Copy every record verbatim but exclude the pictures.

(Source data):
____

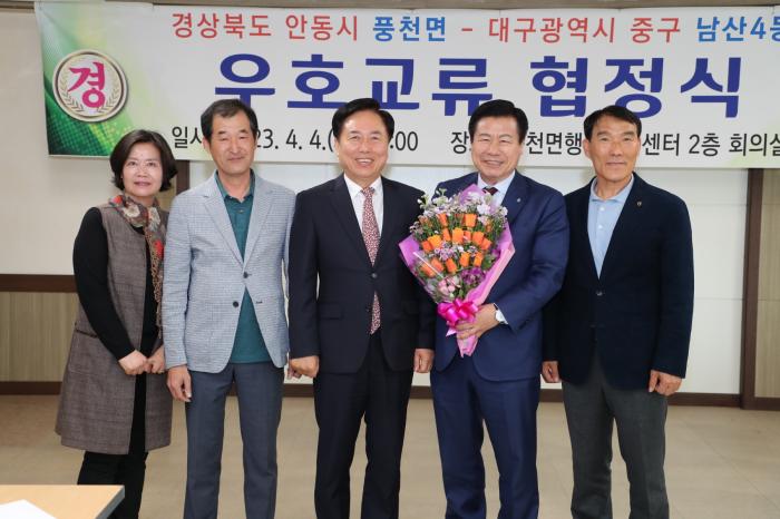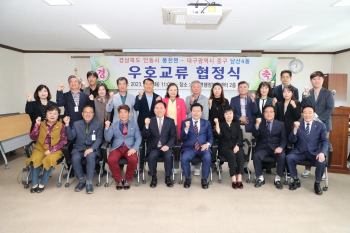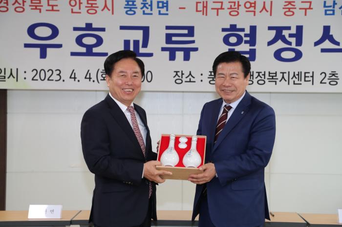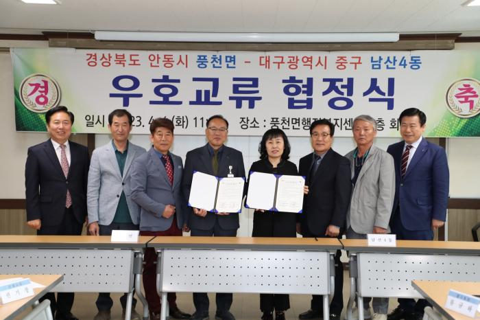 안동시 풍천면(면장 오규태)과 대구광역시 중구 남산4동(동장 권미진)은 지난 4일 지속가능한 동반성장과 우호증진을 위한 우호교류 협정을 체결했다.
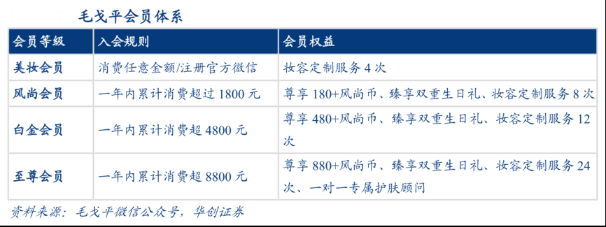 經(jīng)典案例:根據(jù)毛戈平微信公眾號(hào)、華創(chuàng)證券等綜合資訊表明,毛戈平注重會(huì)員管理,顧客忠誠(chéng)度極高。其會(huì)員體系分為美妝會(huì)員、風(fēng) 尚會(huì)員、白金會(huì)員和至尊會(huì)員四個(gè)等級(jí),2015 年毛戈平至尊會(huì)員(12 個(gè)月內(nèi)累計(jì)消費(fèi)8800 元)復(fù)購(gòu)率高達(dá) 68.38%(指復(fù)購(gòu)品牌旗下產(chǎn)品)。
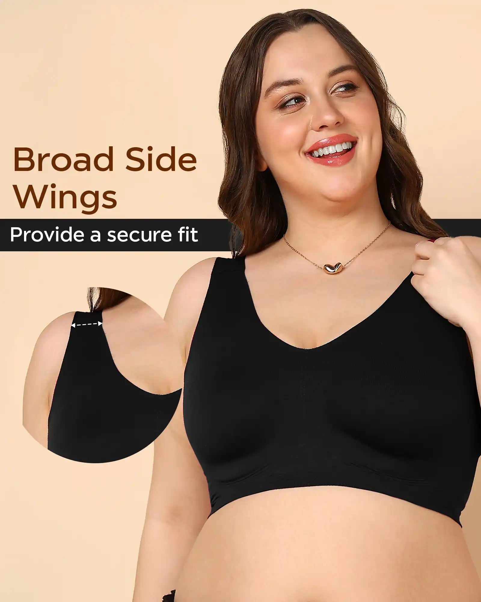 The wide cotton shoulder straps distribute weight evenly, preventing shoulder strain while staying soft and breathable on your skin. Broad side wings with internal gripper keep the bra in place and reduce side spillage for a smooth, bulge-free finish.
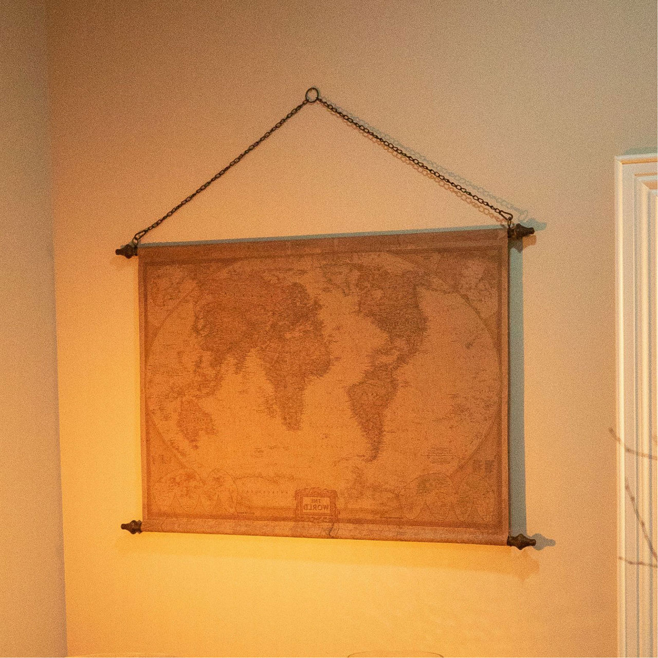 This vintage world map from Mindy Brownes is a classic addition to your home. This hanging wall piece adds an unique element to any space.
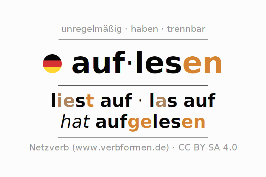 - Futur I: ich werde auflesen, du wirst auflesen, er wird auflesen, wir werden auflesen, ihr werdet auflesen, sie werden auflesen
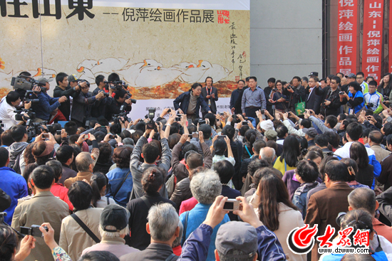 “家在山東--倪萍繪畫作品展”在山東美術館(老館)開展,倪萍在現場進行了簽售活動。此次展出是倪萍從事繪畫以來作品第一次在家鄉展覽,將持續到11月14日。質樸畫風中透露的“日子哲理”吸引了數百名參觀者,倪萍表示,畫作是獻給家鄉的禮物,繪畫是讓生命有了另外的意義。
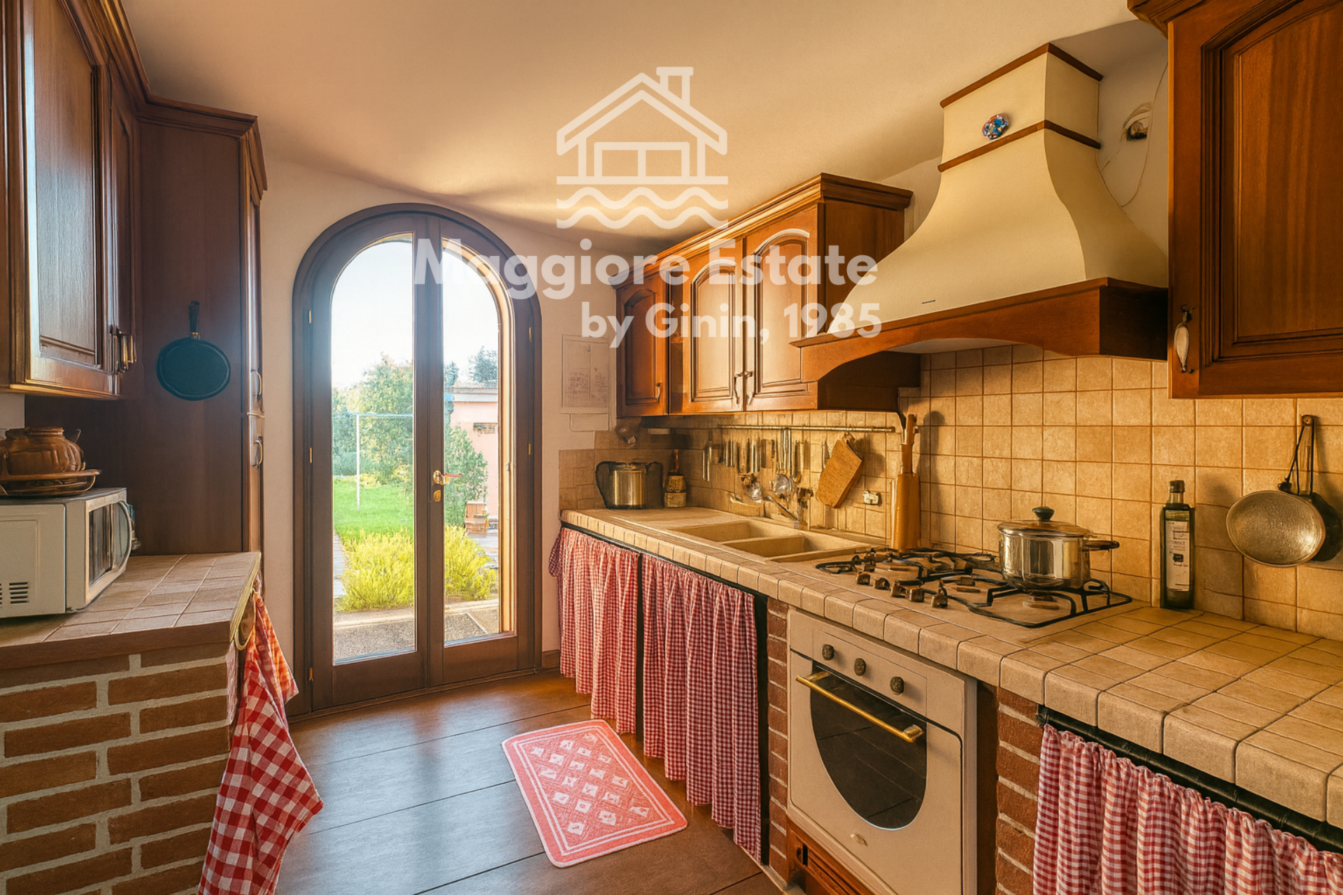 Zona giorno: soggiorno accogliente con camino a ventilazione forzata, cucina in muratura con angolo bar e barbecue esterno. Bagno ospiti incluso.
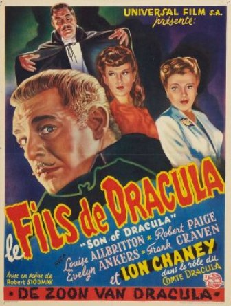 ![]() 1942 Danger dans le Pacifique (danger in the Pacific) de Lewis D. Collins avec Leo Carrillo, Andy Devine & Don Terry | ![]() 1943 Le fils de Dracula (son of Dracula) de Robert Siodmak avec Lon Chaney Jr., Robert Paige & Evelyn Ankers | ![]() 1946 Tanger (Tangier) de George Waggner avec Maria Montez, Preston Foster, Sabu & Kent Taylor | ![]() 1947 Bonne à tout faire (sitting pretty) de Walter Lang avec Clifton Webb, Robert Young & Maureen O’Hara | ||
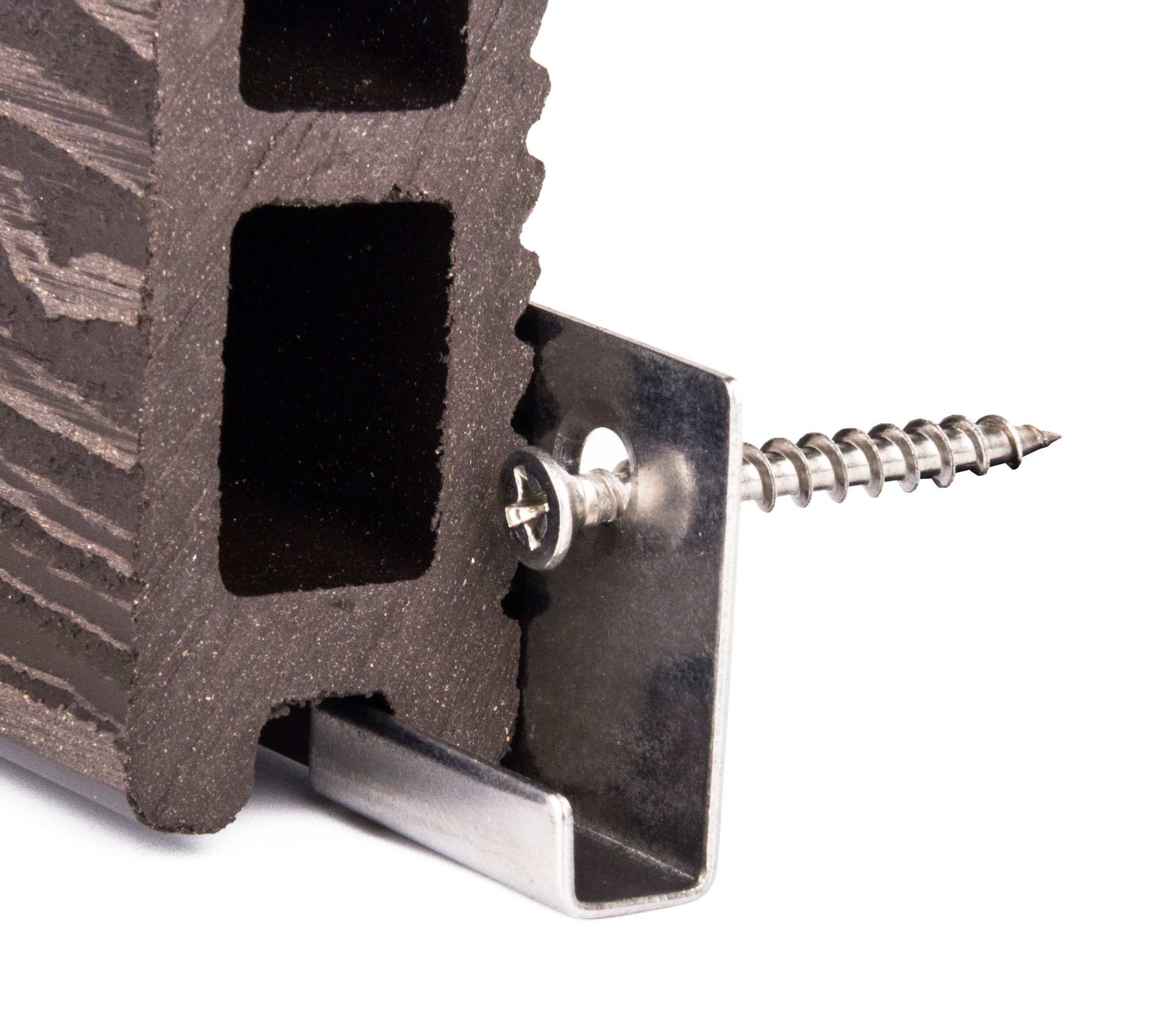 G21 padlóburkoló rendszer burkolólap rögzítőcsavar az első és utolsó WPC burkolólap soron használatos. Minden pontban használandó, ahol a tartóhasáb keresztezi a burkolólapot.
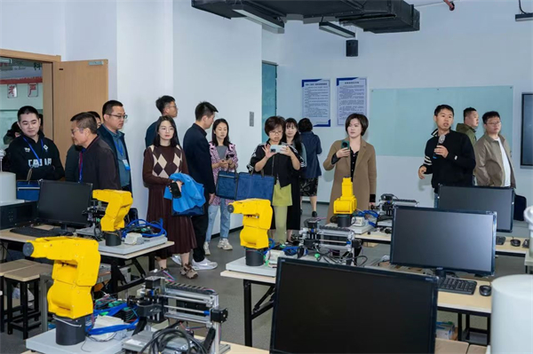 研修期間,學(xué)員們赴常州機電職業(yè)技術(shù)學(xué)院和常州信息職業(yè)技術(shù)學(xué)院參觀。大家走進兩校的人工智能與工業(yè)互聯(lián)網(wǎng)創(chuàng)新中心、智能制造產(chǎn)業(yè)學(xué)院、電磁兼容實驗室、智能裝備大數(shù)據(jù)云中心等實訓(xùn)場所,近距離感受作為全國首批國家產(chǎn)教融合試點城市的常州以及常州職業(yè)院!皩I(yè)建設(shè)同步技術(shù)發(fā)展、政行校企共建創(chuàng)新中心、產(chǎn)教融合校企協(xié)同育人”的職業(yè)教育與產(chǎn)業(yè)融合示范性案例以及先進經(jīng)驗。學(xué)員們帶著對職業(yè)教育的思考,通過基于成果導(dǎo)向產(chǎn)教融合專業(yè)建設(shè)的創(chuàng)新與實踐,加深對職業(yè)教育的理解。
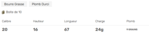 CHEVROTINE 9 GRAINS CAL 20/16/67 – Bourre Grasse – 24g – Plomb Durci /boite de 10

____

(Answer for this exercise):
 안동시 풍천면(면장 오규태)과 대구광역시 중구 남산4동(동장 권미진)은 지난 4일 지속가능한 동반성장과 우호증진을 위한 우호교류 협정을 체결했다.
 經(jīng)典案例:根據(jù)毛戈平微信公眾號(hào)、華創(chuàng)證券等綜合資訊表明,毛戈平注重會(huì)員管理,顧客忠誠(chéng)度極高。其會(huì)員體系分為美妝會(huì)員、風(fēng) 尚會(huì)員、白金會(huì)員和至尊會(huì)員四個(gè)等級(jí),2015 年毛戈平至尊會(huì)員(12 個(gè)月內(nèi)累計(jì)消費(fèi)8800 元)復(fù)購(gòu)率高達(dá) 68.38%(指復(fù)購(gòu)品牌旗下產(chǎn)品)。
 The wide cotton shoulder straps distribute weight evenly, preventing shoulder strain while staying soft and breathable on your skin. Broad side wings with internal gripper keep the bra in place and reduce side spillage for a smooth, bulge-free finish.
 This vintage world map from Mindy Brownes is a classic addition to your home. This hanging wall piece adds an unique element to any space.
 - Futur I: ich werde auflesen, du wirst auflesen, er wird auflesen, wir werden auflesen, ihr werdet auflesen, sie werden auflesen
 “家在山東--倪萍繪畫作品展”在山東美術館(老館)開展,倪萍在現場進行了簽售活動。此次展出是倪萍從事繪畫以來作品第一次在家鄉展覽,將持續到11月14日。質樸畫風中透露的“日子哲理”吸引了數百名參觀者,倪萍表示,畫作是獻給家鄉的禮物,繪畫是讓生命有了另外的意義。
 Zona giorno: soggiorno accogliente con camino a ventilazione forzata, cucina in muratura con angolo bar e barbecue esterno. Bagno ospiti incluso.
 ![]() 1942 Danger dans le Pacifique (danger in the Pacific) de Lewis D. Collins avec Leo Carrillo, Andy Devine & Don Terry | ![]() 1943 Le fils de Dracula (son of Dracula) de Robert Siodmak avec Lon Chaney Jr., Robert Paige & Evelyn Ankers | ![]() 1946 Tanger (Tangier) de George Waggner avec Maria Montez, Preston Foster, Sabu & Kent Taylor | ![]() 1947 Bonne à tout faire (sitting pretty) de Walter Lang avec Clifton Webb, Robert Young & Maureen O’Hara | ||
 G21 padlóburkoló rendszer burkolólap rögzítőcsavar az első és utolsó WPC burkolólap soron használatos. Minden pontban használandó, ahol a tartóhasáb keresztezi a burkolólapot.
 研修期間,學(xué)員們赴常州機電職業(yè)技術(shù)學(xué)院和常州信息職業(yè)技術(shù)學(xué)院參觀。大家走進兩校的人工智能與工業(yè)互聯(lián)網(wǎng)創(chuàng)新中心、智能制造產(chǎn)業(yè)學(xué)院、電磁兼容實驗室、智能裝備大數(shù)據(jù)云中心等實訓(xùn)場所,近距離感受作為全國首批國家產(chǎn)教融合試點城市的常州以及常州職業(yè)院!皩I(yè)建設(shè)同步技術(shù)發(fā)展、政行校企共建創(chuàng)新中心、產(chǎn)教融合校企協(xié)同育人”的職業(yè)教育與產(chǎn)業(yè)融合示范性案例以及先進經(jīng)驗。學(xué)員們帶著對職業(yè)教育的思考,通過基于成果導(dǎo)向產(chǎn)教融合專業(yè)建設(shè)的創(chuàng)新與實踐,加深對職業(yè)教育的理解。
 CHEVROTINE 9 GRAINS CAL 20/16/67 – Bourre Grasse – 24g – Plomb Durci /boite de 10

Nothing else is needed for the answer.